In comparison, the floodwalls along the 17th Street and London Avenue canals failed. These were considered failures because water had not reached the top of the wall before they broke, leading to the flooding of New Orleans proper. Another major problem contributing to the flood was the difficulty in measuring elevation accurately. Although officials were aware of this problem, there was limited money to correct it. Only with the recent development of GPS technology can elevations be determined quickly and inexpensively.

It was actually the floodwalls that failed. The levees held back the water until it reached their tops - the levees were too short! This may likely be due to a design based on flooding from rain ratehr than from storm surge.

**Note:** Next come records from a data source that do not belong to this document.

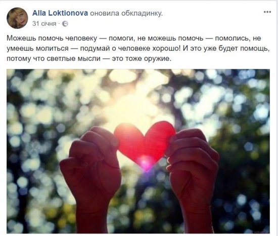 На сторінці у Facebook Алла Олегівна залишила прекрасні слова, рецепт того, як залишатись Людиною, як любити...
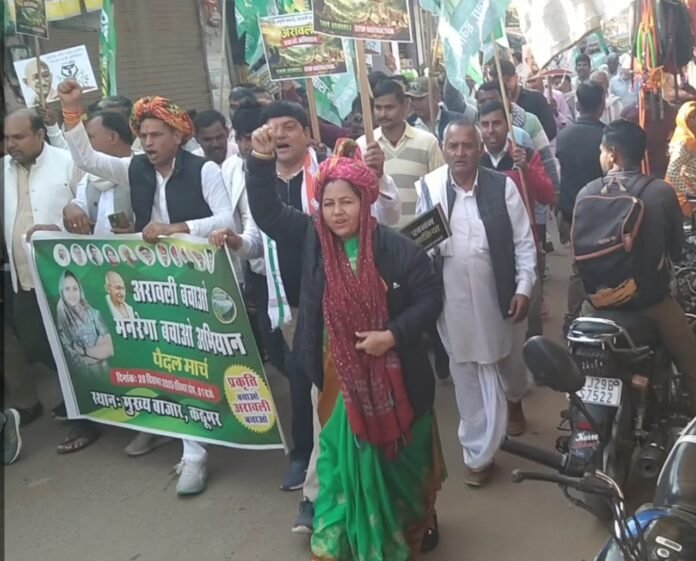 कठूमर (अलवर) | कठूमर में शनिवार को अरावली बचाओ जन-जागरण अभियान के तहत पैदल मार्च निकाला गया। यह मार्च लक्ष्मणगढ़ बस स्टैंड स्थित जाट धर्मशाला से शुरू होकर मुख्य बाजार से होते हुए निकला। मार्च के माध्यम से अरावली पर्वत श्रृंखला से जुड़े कथित षड्यंत्र के खिलाफ आवाज उठाई गई, जिसे प्रकृति और आने वाली पीढ़ियों के भविष्य पर सीधा हमला बताया गया।
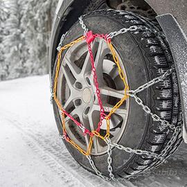 Goodyear G9: catene da neve a rombo per massima sicurezza e comfort Le catene da neve Goodyear G9 sono una soluzione di alta qualità per affrontare l'inverno in totale sicurezza. Queste catene, vendute in coppia, sono progettate con una maglia compatta a sezione "D" da 9 mm che garantisce elevata resistenza e lunga durata. Il montaggio è rapido e semplice grazie al cavo flessibile con tensionamento autobloccante, che assicura un'installazione sicura e senza sforzi. Il cavo laterale interno è ricoperto di PVC colorato, mentre l'aggancio esterno a vista facilita ulteriormente il posizionamento delle catene. Perfette per vetture dotate di sistema ABS, queste catene riducono al minimo rumore e vibrazioni, offrendo un'esperienza di guida confortevole anche nelle condizioni più difficili. All'interno della confezione troverai istruzioni dettagliate per un montaggio facile e veloce. Hai ancora dubbi? Guarda il nostro video tutorial! La struttura a rombo: la vera innovazione La struttura a rombo delle catene da neve si riferisce al design della maglia che forma un disegno a forma di rombo attorno allo pneumatico. Questo tipo di struttura è particolarmente apprezzato e utile per diversi motivi: 1. Distribuzione uniforme del carico. La forma a rombo garantisce una trazione uniforme, migliorando il controllo del veicolo su neve e ghiaccio. 2. Aderenza ottimale. Grazie alla configurazione a rombo, le catene mantengono una maggiore superficie di contatto con il terreno, offrendo un grip più efficace rispetto a modelli con disegni meno complessi, come quelli a scala o a X. 3. Maggiore stabilità e sicurezza. Riduce lo slittamento e migliora la stabilità, rendendo la guida più sicura in condizioni difficili. 4. Comfort di guida. Attenua vibrazioni e rumore, offrendo un'esperienza di guida più confortevole anche su superfici accidentate. Mai usate, vendo per cambio auto. Coppia di catene. Nuove costano almeno 50€. L'oggetto si trova in zona Marconi a Roma ma posso spedire
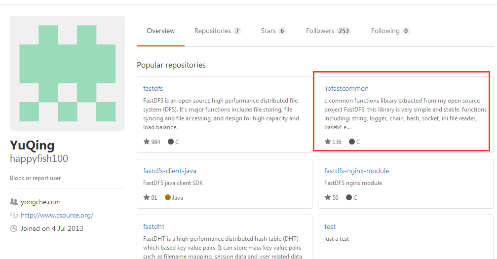 如上图,由于FastDFS是纯C语言实现,只支持Linux、FreeBSD等UNIX系统,所以我们直接下载tar.gz的压缩包,同时FastDFS 5.11同以前版本相比将公共的一些函数等单独封装成了libfastcommon包,所以在安装FastDFS之前我们还必须安装libfastcommon,在余的GitHub首页可以看到:
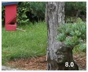 Kresba je dost vyrovnaná v celém rozsahu clon, při plné světelnosti je sice slabší, ale použitelná. Kresba vrcholí někde mezi F8.0-11, při F16 kvůli difrakci (ohybu světla) vadne a ta clona F22 je značně problematická, obecně, nejen na tomto objektivu. Použito tělo Canon 7D, výřez 100%, na proklik celý obrázek.
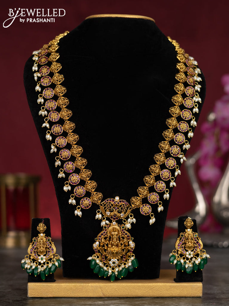 Antique guttapusalu haram lakhmi design with kemp & cz stones and pearl & green beads hangings
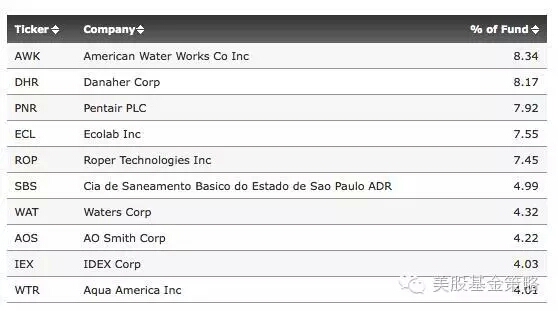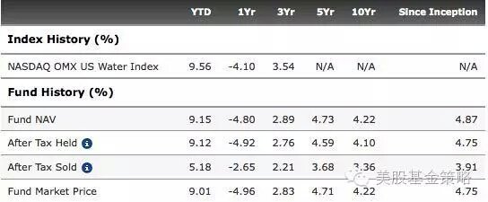 这支ETF挂钩纳斯达克水处理指数(NASDAQ OMX US Water Index),投资于与水处理相关的上市公司,包括材料、基础设施、相关设备、或者方案提供的业内公司。
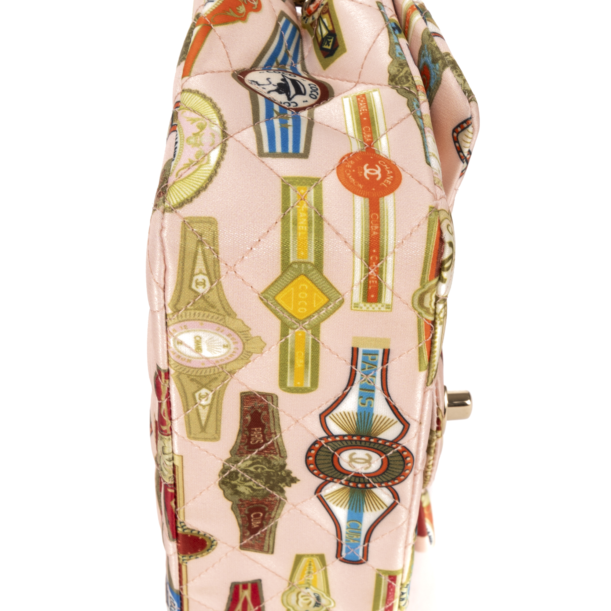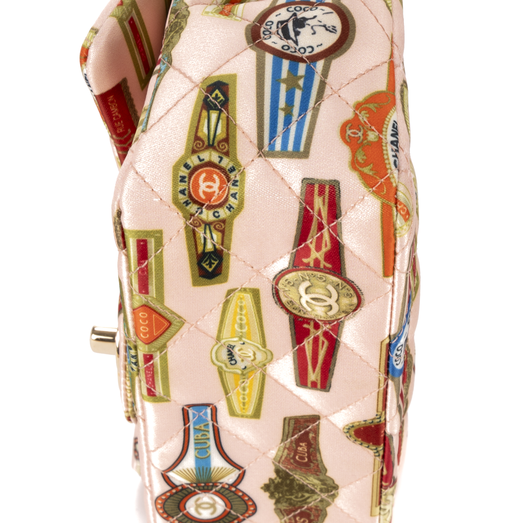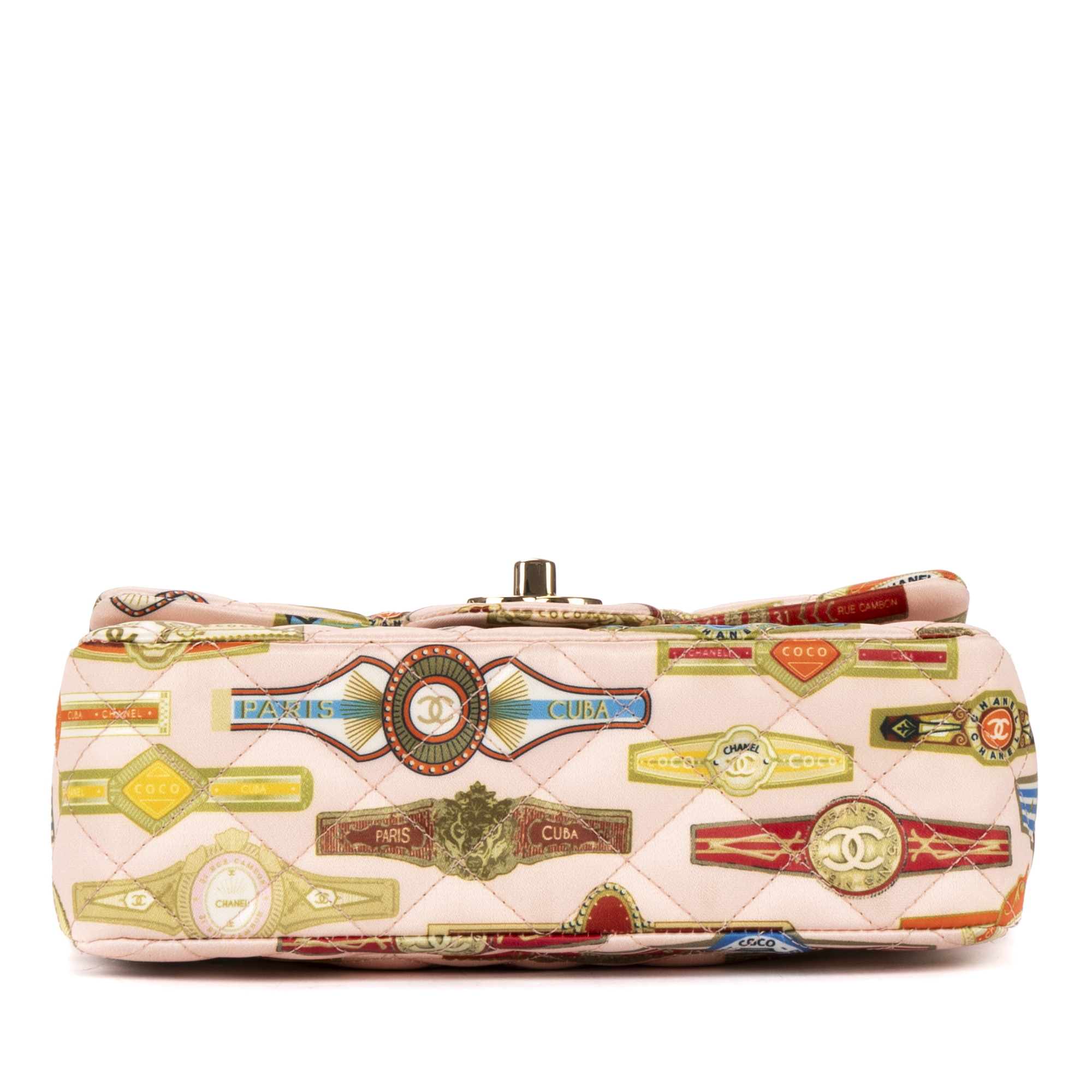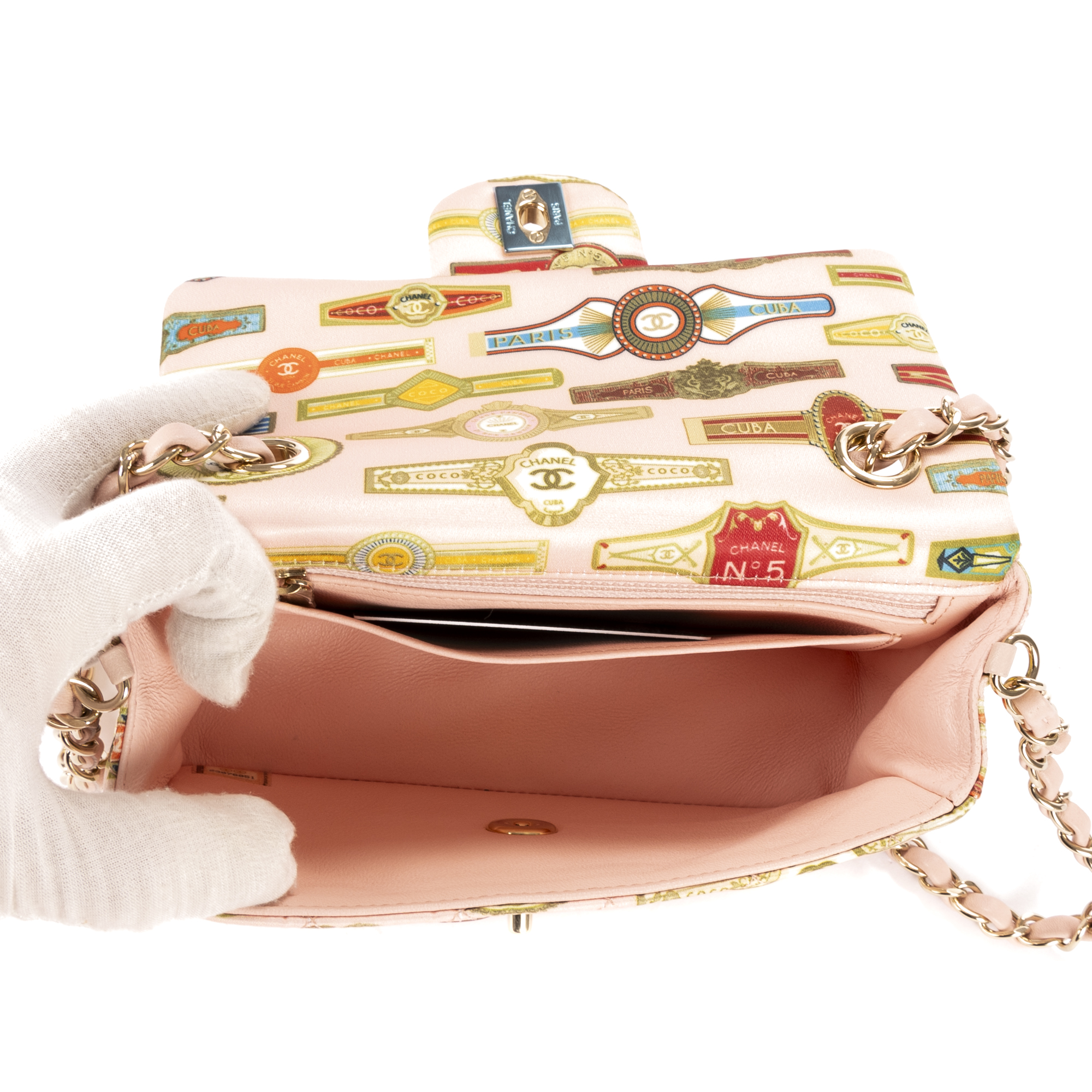 Chanel Shoulder Bag Ltd. Ed. Paris Cuba Cigar Label Printed Rectangular Mini Classic Flap in Pink/Gold Cigar Label Printed Quilted Satin Canvas and Gold hardware. The product is in Perfect Condition (AA).

The decision to build walls along the drainage canals instead of building gates doomed New Orleans proper. Comparisons between East Jefferson and New Orleans proper make a good distinction. (Emphasis mine)

The levees along Lake Pontchartrain for New Orleans and East Jefferson performed well. These levees were slightly overtopped, but performed well, which resulted in no flooding directly from the lake.

Those levees were attached to the walls at the 17th Street canal and London Avenue canal because the city did not move its pumps to the lake. With the pump stations at the lake, the canals would have been closed by gates that would have stopped the waters of Katrina. Those floodwalls failed with the water two feet from the top. Those failures allowed for scour holes through the system, which allowed floodwaters into New Orleans proper for over three days. Eighty percent of New Orleans flooded to a 4½-foot elevation due to these wall failures.

In contrast, East Jefferson suffered much less flooding because its side of the 17th Street Canal floodwall did not fail and there were no other canals open to the lake. The majority of the flooding occurred because there was no pumping of rainfall and storm surge entering through the pump stations. Once the water level receded from Lake Pontchartrain, the flooding through the pump station stopped. There were no scoured holes to continue to allow floodwaters in the system like there were in New Orleans proper.

So the barriers were not designed as they should have been in the first place. What is being done now to make certain that properly designed levees are in place when the next storm does come ashore in New Orleans?

Rebuilding New Orleans Infastructure(CBS Evening News)
The overhauled protection system will battle future hurricane flooding in three ways: first, with barriers to block the primary paths that storm surge can enter the city - from Lake Ponchartrain, the Mississippi River, and Lake Borgne.

Part of what the Corps of Engineers is doing is building their lines of defense as far away from the city of New Orleans as possible. The billion-dollar surge barrier is being constructed 12 miles from downtown New Orleans and 9 miles from the Lower Ninth Ward.

Along with blocking storm surge, the Corps has fortified the levees that failed in Katrina. They're building massive new levees that are anchored more than 100 feet below ground - and tall enough not to be overtopped by storm surge.

"We are raising, strengthening, improving the levee systems that were in place," said Col. Robert Sinkler Commander, Hurricane Protection Office. "So we went from something that had an elevation of 14 feet around St. Bernard Parish to something that is an elevation of 32 ft."

Finally, the Corps is storm-proofing existing pumping stations and building the largest new flood pump in the world - to quickly blast out any water that gets into the city.
Some residents, especially some in the Lower 9th Ward, are understandably skeptical. The fact that the levees will be over twice as high and anchored in a manner that they will hold against a storm surge is at least part of the right solution. The Army Corps has a plan that is not "more of the same". The new system has to be environmentally sound, but not be subject to uninformed special interests that compromise the protection of the city.

After seeing the destruction that nature caused 5 years ago, I'd like to think that putting a proper protection system in place will and is actually happening this time so that New Orleans can be prepared for the next big storm.